AIM OF THE TASK = Restate the data exactly as given and keep the pictures out.

PROVIDED MATERIAL =
━━━━━━━━━━━━━━━━━━━━━━━━━━━━━━

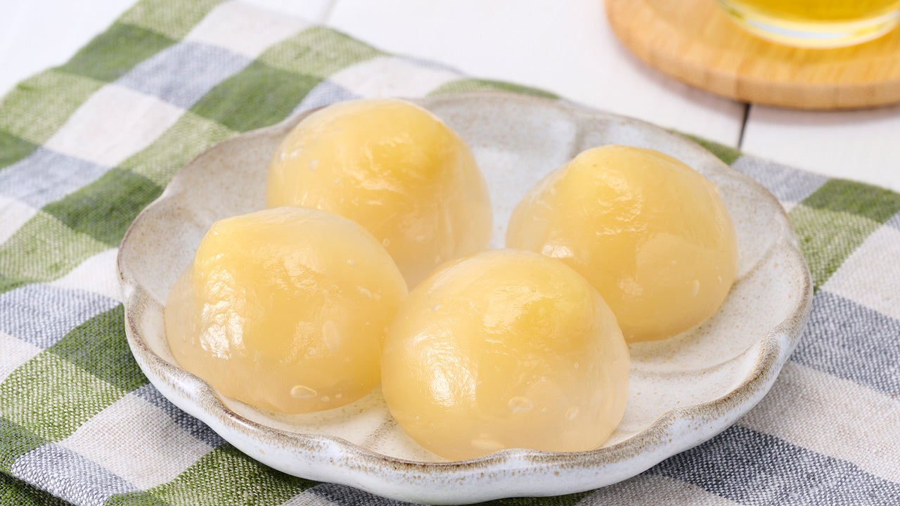 なめらかな葛まんじゅうの食感と、すきとおって見える黄色い栗あんが涼やかな印象の和菓子です。冷やすと一層美味しくお召し上がりいただけます。4個入り。
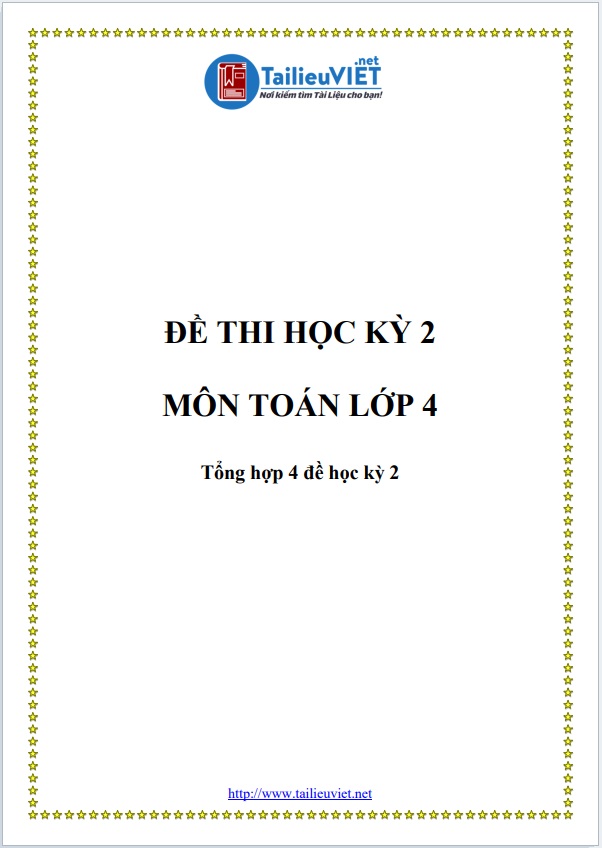 1.Tài liệu 1: 4 ĐỀ THI MÔN TOÁN HỌC KỲ 2 LỚP 4 – CÓ ĐÁP ÁN(FILE WORD)
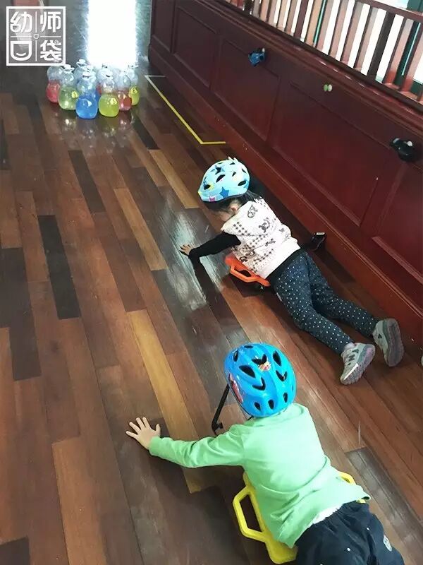 趴在方形四轮滑板车上,“身体保龄球”准备就绪
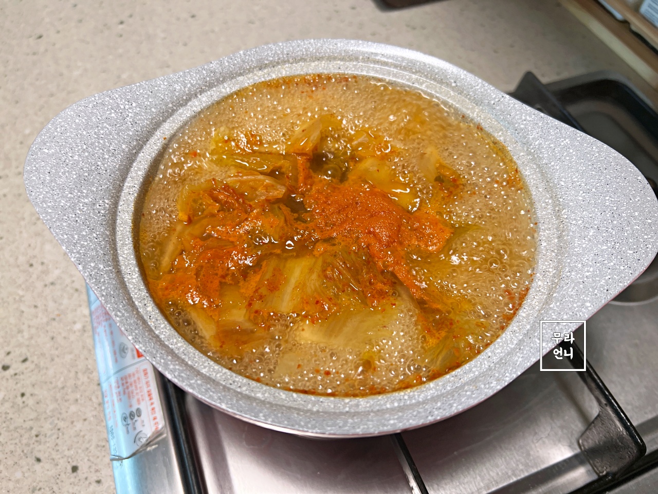 육수에 넣고 푹 끓이는 방식으로 김치찌개를 만들어 볼게요

━━━━━━━━━━━━━━━━━━━━━━━━━━━━━━

TASK ANSWER =
 なめらかな葛まんじゅうの食感と、すきとおって見える黄色い栗あんが涼やかな印象の和菓子です。冷やすと一層美味しくお召し上がりいただけます。4個入り。
 1.Tài liệu 1: 4 ĐỀ THI MÔN TOÁN HỌC KỲ 2 LỚP 4 – CÓ ĐÁP ÁN(FILE WORD)
 趴在方形四轮滑板车上,“身体保龄球”准备就绪
 육수에 넣고 푹 끓이는 방식으로 김치찌개를 만들어 볼게요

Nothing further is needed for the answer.